A parallel plate capacitor with plates of area 1 m$$^2$$ each, are at a separation of 0.1 m. If the electric field between the plates is 100 N/C, the magnitude of charge on each plate is: (Take $$\epsilon_0 = 8.85 \times 10^{-12} \frac{C^2}{N \cdot m^2}$$)

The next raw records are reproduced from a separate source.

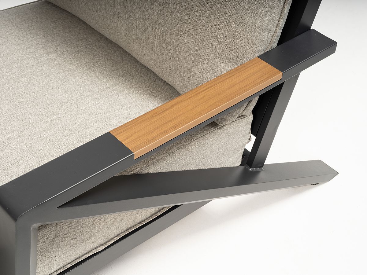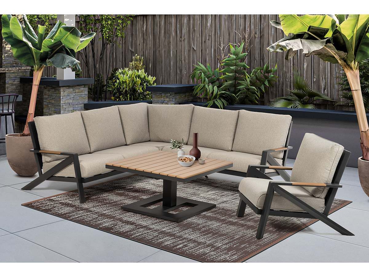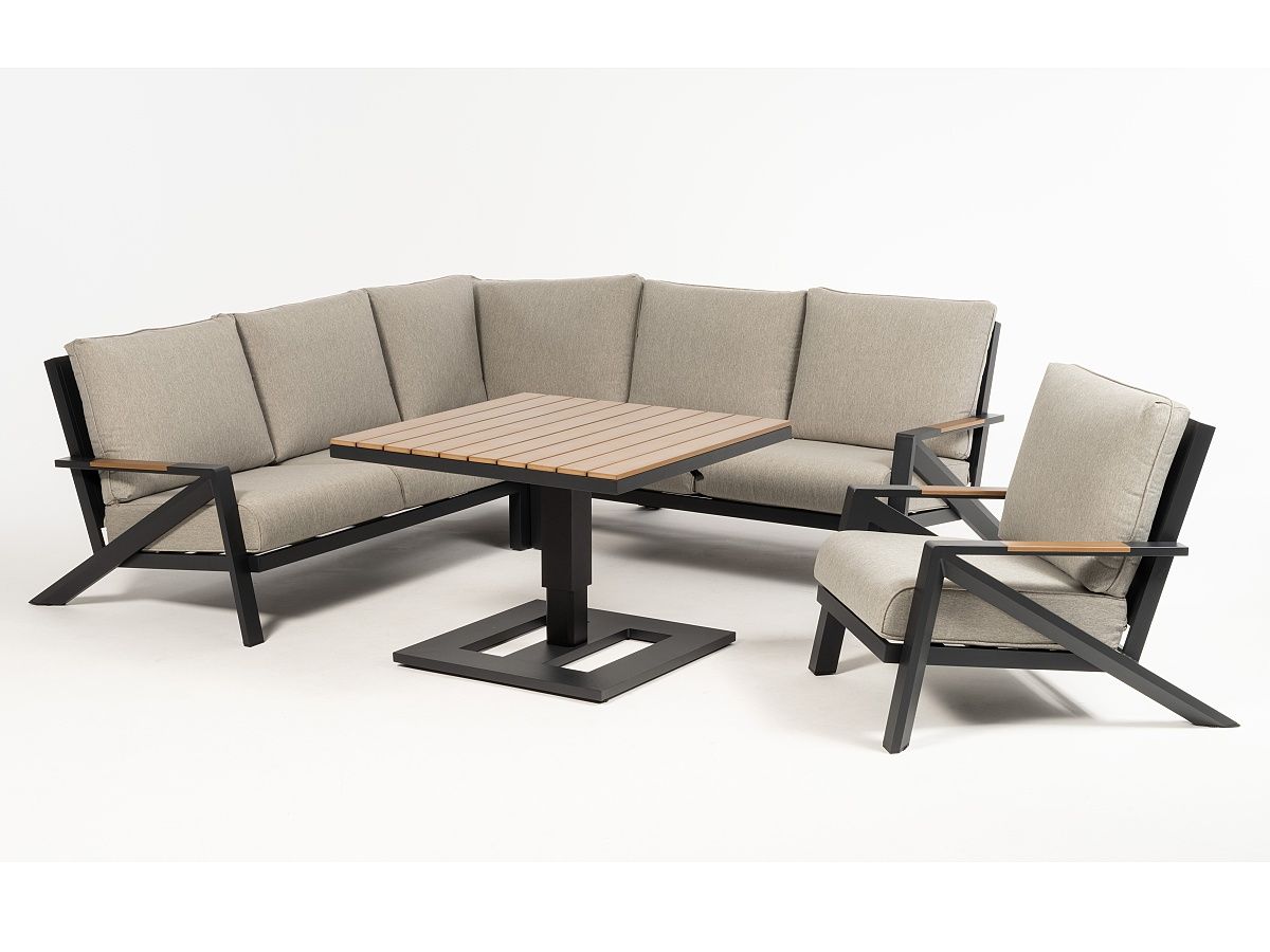 Elegantní zahradní rohová sedací souprava Cagliari je perfektní volbou pro lidi, kteří si rádi vychutnávají čas strávený na terase. Černá hliníková konstrukce zahradní sedací soupravy je doplněná na opěrkách a konferenčním stole o polywoodové (polypropylenové) laťování, které imituje dřevo. Matrace a polštáře jsou světle šedé barvy a jsou odolné vůči povětrnostním vlivům. Stůl je výškově nastavitelný. Ve stejném provedení máme i klasickou sedací soupravu Cagliari, pokud byste chtěli kombinovat sedací a rohové sedací soupravy v HoReCa segmentu.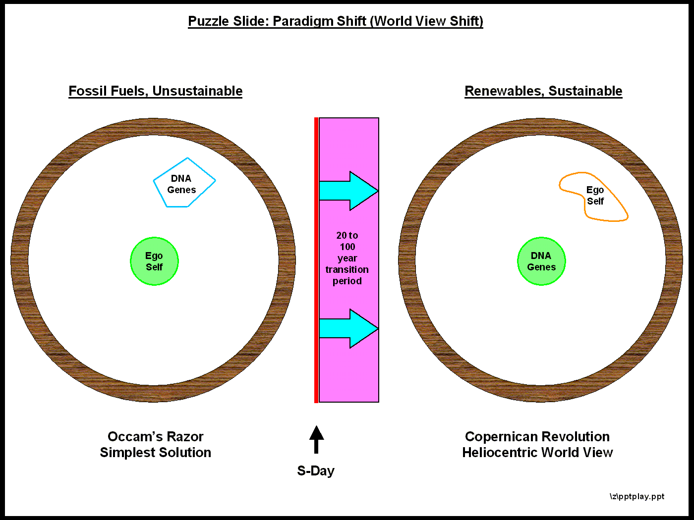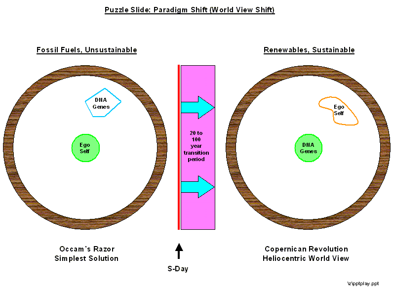 | Some key concepts of Plan S are S-Day, paradigm shift, a transition period, moving to renewable energy, and a transition to a DNA/Gene centered worldview. This is an unfinished diagram showing how these concepts all fit together. This smaller one will fit on a 1024x768 monitor, but might be a little fuzzy. | puzzle.slide.sm.gif | 6 |
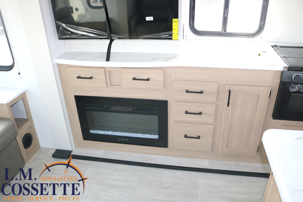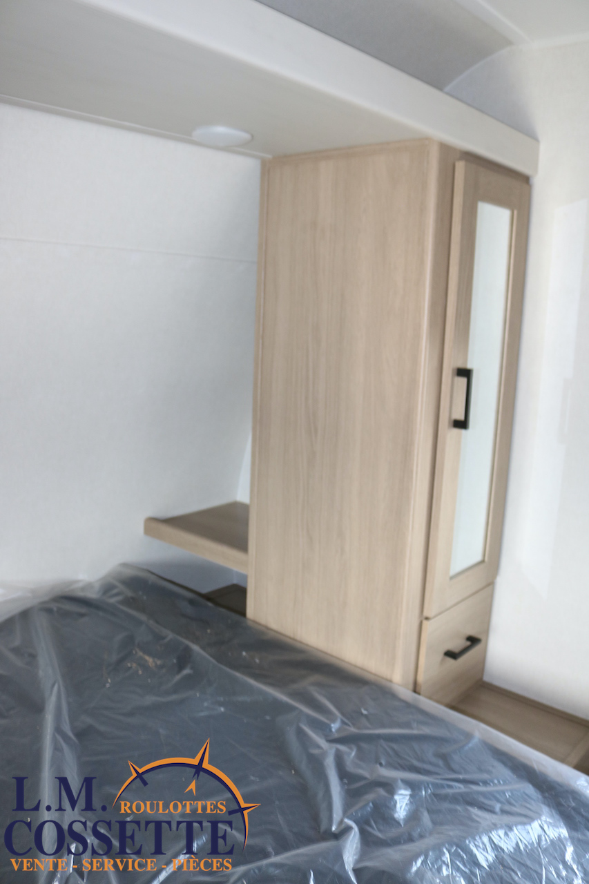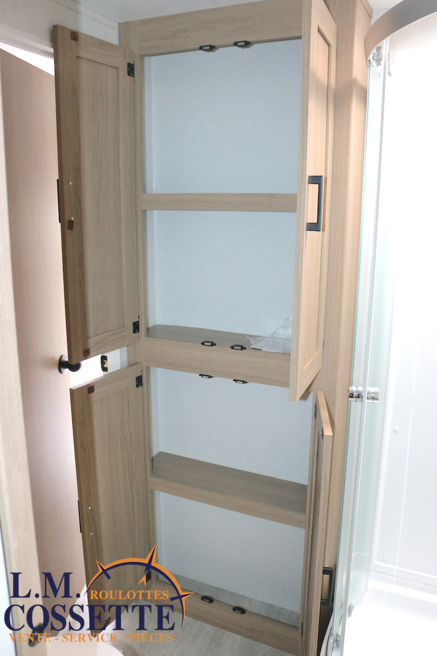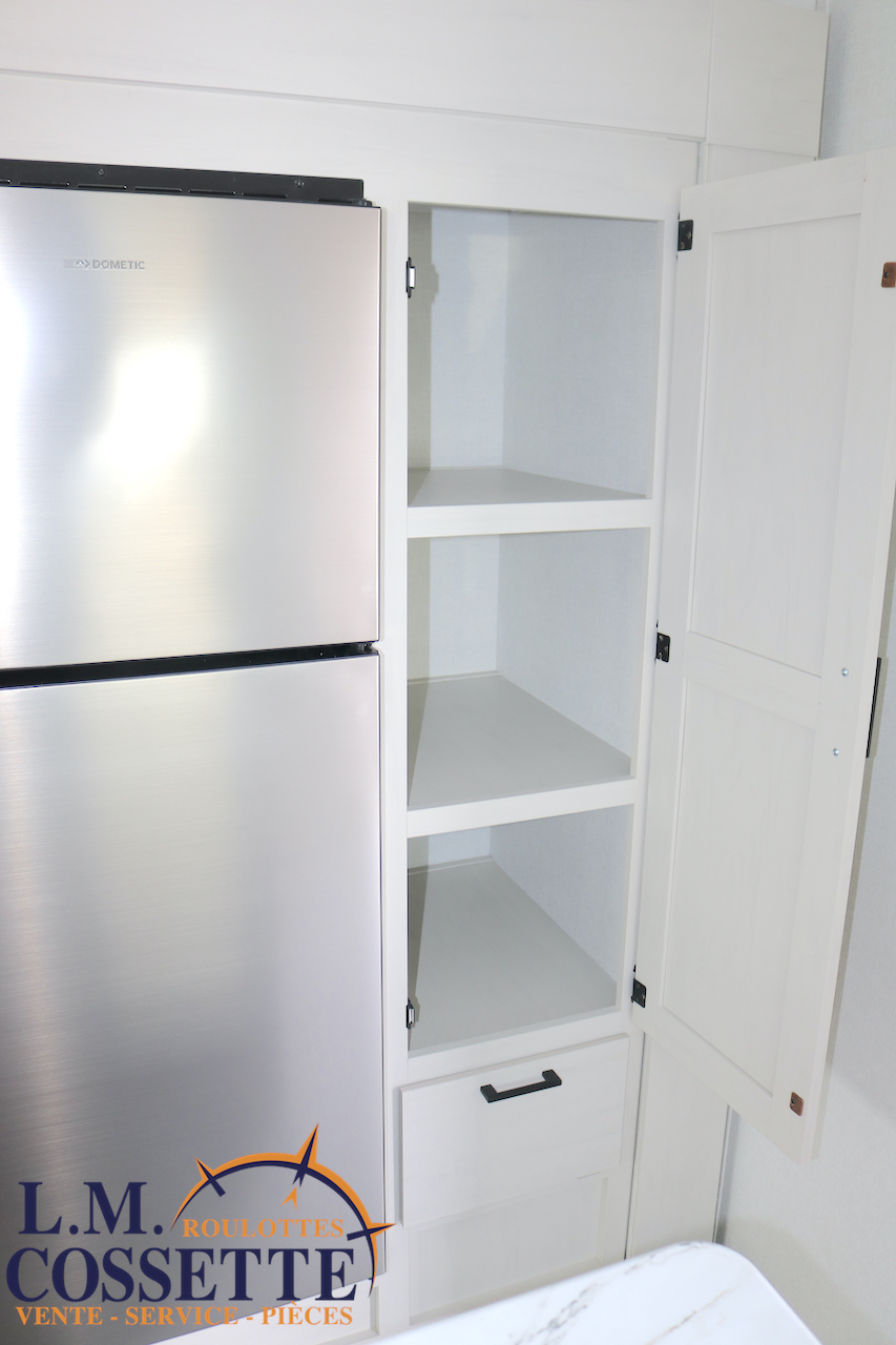 SOMPTUEUSE ROULOTTE POUR COUPLE AVEC SALLE DE LAVAGE !!! Elle possède deux rallonges , face à face , permettant d’avoir un immense espace central , dans lequel se trouve un ilot ! L’ilot comprend un petit comptoir lunch muni de deux tabourets . Le rangement dans la cuisine est tout simplement incroyable , avec un grand nombre de tiroirs , ainsi qu’un grand garde-manger . Elle est équipé d’une salle de lavage ( laveuse/sécheuse inclus ) , avec rangement et comptoir pour plier le linge . La salle de bain est spacieuse , et comprend une grande lingerie . Venez la voir , vous tomberez sous le charme de cette magnifique roulotte . Vous pouvez nous rejoindre au (819)378-2491 .
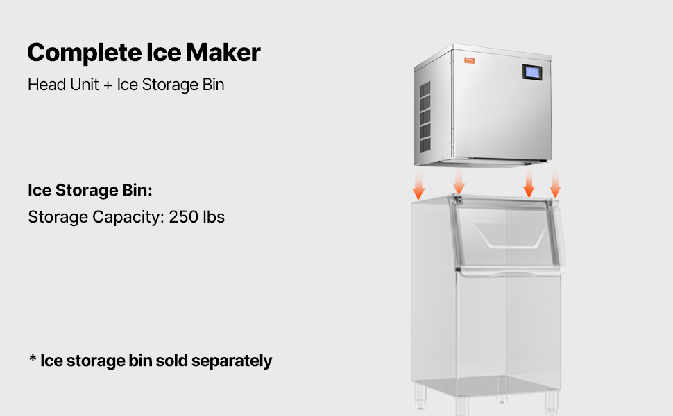Hlavná jednotka a zásobník na ľad spolu tvoria kompletný komerčný výrobník ľadu. Ponúkame konfiguráciu zásobníka na ľad s hmotnosťou 250 libier, ktorý sa predáva samostatne.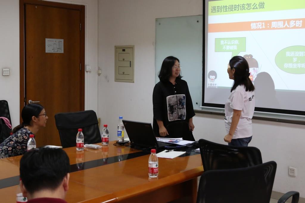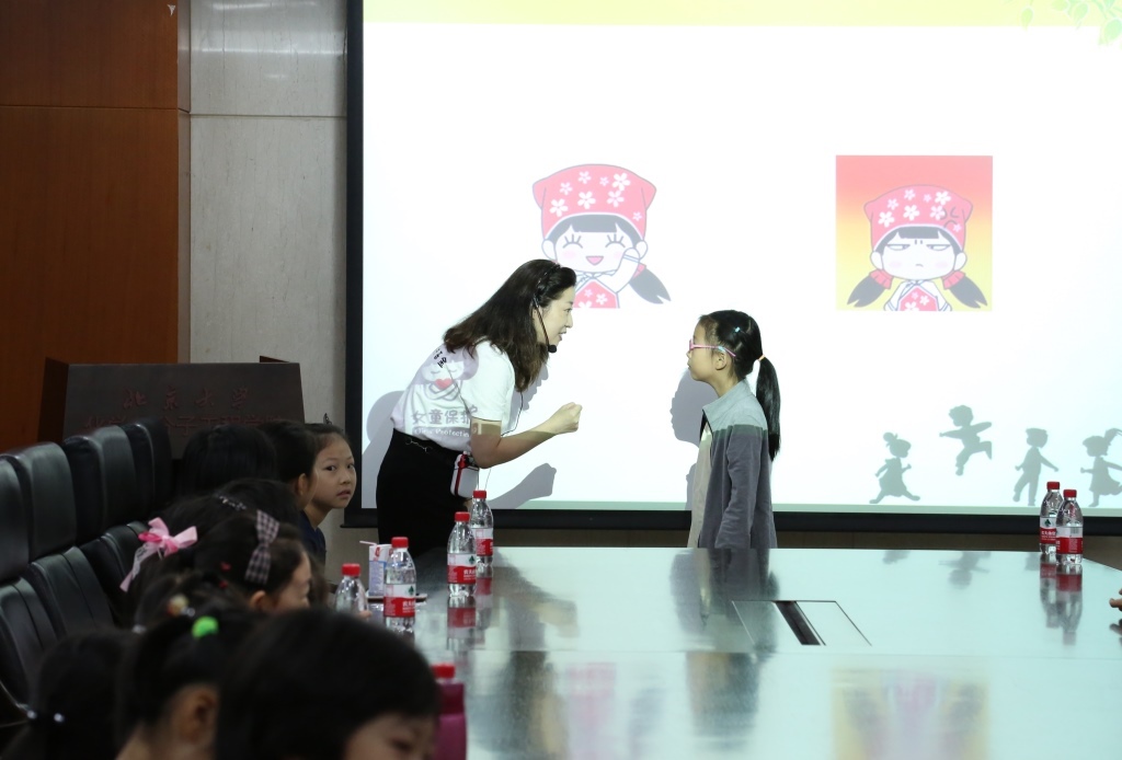 讲座分为徐玮老师主讲的亲子课堂和韦燕霞老师主讲的家长课堂,徐玮老师在亲子课堂上帮助孩子认识自己的身体,理解隐私部位的特殊性;帮助孩子理解哪些行为属于性侵害;帮助孩子在性骚扰最轻程度发生时就采取防护措施,以防更严重的性骚扰和性侵害的发生。以及一旦性侵害发生,如何最大限度的保护自己的生命,并了解在罪恶事件发生后的处理办法。在讲座中,徐玮老师充满智慧和趣味的问答、互动游戏和情景模拟,非常巧妙地给予了孩子说“不”的勇气。韦燕霞老师则在儿童防性侵害的常见误区、如何教会孩子保护自己、孩子的哪些异常值得警惕、发现孩子被性侵时家长怎么办,以及国内外有关法律法规等方面为家长们进行了详细的解释和说明,还通过互动方式,使家长们认识到给予孩子防止性侵知识的重要性和如何与孩子沟通和讲解。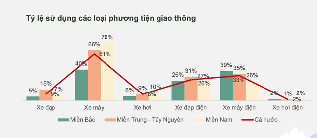 Kết quả khảo sát cho thấy, mức độ sử dụng các loại PTGTĐ hiện nay nhiều nhất là xe máy điện 33%, xe đạp điện 27% và ô tô điện 2%. Các PTGTĐ mới được sự dụng phổ biến trong 3 năm trở lại đây, chiếm tỷ lệ 79%. Tuy mức độ sử dụng còn khiêm tốn, nhưng tín hiệu đáng mừng là mức độ gia tăng sở hữu các loại PTGTĐ tại Việt Nam những năm trở lại đây đang ngày càng phổ biến.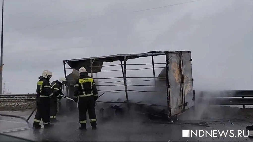 Сегодня днем на Кольцовской трассе загорелся грузовой фургон. На месте ЧП все еще работают пожарные, автомобиль уничтожен полностью.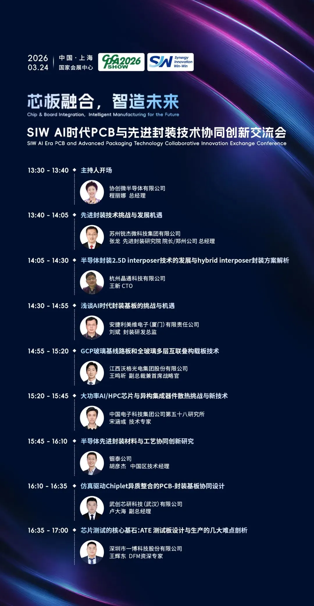 汇聚先进封装、载板基板、材料工艺、芯片测试等领域的八位顶尖专家,均来自行业头部企业与科研院所,从产业底层逻辑到技术落地闭环带来专业解读: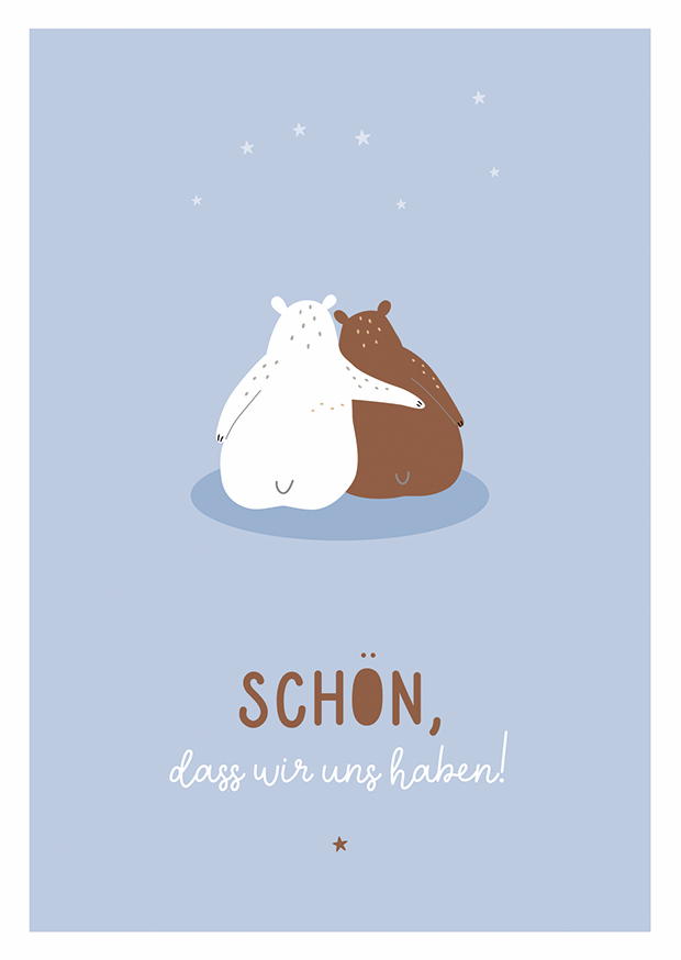 Zwei Bären, einer weiß und der andere braun, umarmen sich sanft vor einem blauen Hintergrund, um ihre enge Bindung und Freundschaft auszudrücken.

We have two large, parallel conducting plates of a capacitor. Because the plates are very close and very wide, the electric field between them is practically uniform. For such a configuration, electrostatics gives the direct relation between the electric field $$E$$ and the surface charge density $$\sigma$$ on either plate:

$$E \;=\; \dfrac{\sigma}{\epsilon_0}.$$

Here $$\epsilon_0$$ is the permittivity of free space. We are given

$$E = 100 \; \text{N/C}, \qquad \epsilon_0 = 8.85 \times 10^{-12} \; \dfrac{\text{C}^2}{\text{N}\cdot\text{m}^2}.$$

Re-arranging the formula to solve for $$\sigma$$, we write

$$\sigma = \epsilon_0 \, E.$$

Substituting the numerical values,

$$\sigma = \left( 8.85 \times 10^{-12} \; \dfrac{\text{C}^2}{\text{N}\cdot\text{m}^2} \right) \!\times\! \left( 100 \; \dfrac{\text{N}}{\text{C}} \right).$$

Now we multiply the powers of ten and the coefficients step by step:

$$8.85 \times 10^{-12} \times 100 \;=\; 8.85 \times 10^{-12} \times 10^{2} \;=\; 8.85 \times 10^{-10}.$$

Hence,

$$\sigma = 8.85 \times 10^{-10} \; \dfrac{\text{C}}{\text{m}^2}.$$

The plates each have an area

$$A = 1 \; \text{m}^2.$$

The total charge $$Q$$ residing on one plate is the surface charge density times the area:

$$Q = \sigma \, A.$$

Substituting $$\sigma$$ and $$A$$,

$$Q = \left( 8.85 \times 10^{-10} \; \dfrac{\text{C}}{\text{m}^2} \right) \!\times\! \left( 1 \; \text{m}^2 \right) = 8.85 \times 10^{-10} \; \text{C}.$$

This value represents the magnitude of charge on each plate of the capacitor. The separation between the plates (0.1 m) is immaterial in this calculation because the relation $$E = \sigma / \epsilon_0$$ already embodies the correct dependence for an ideal parallel-plate capacitor.

Hence, the correct answer is Option A.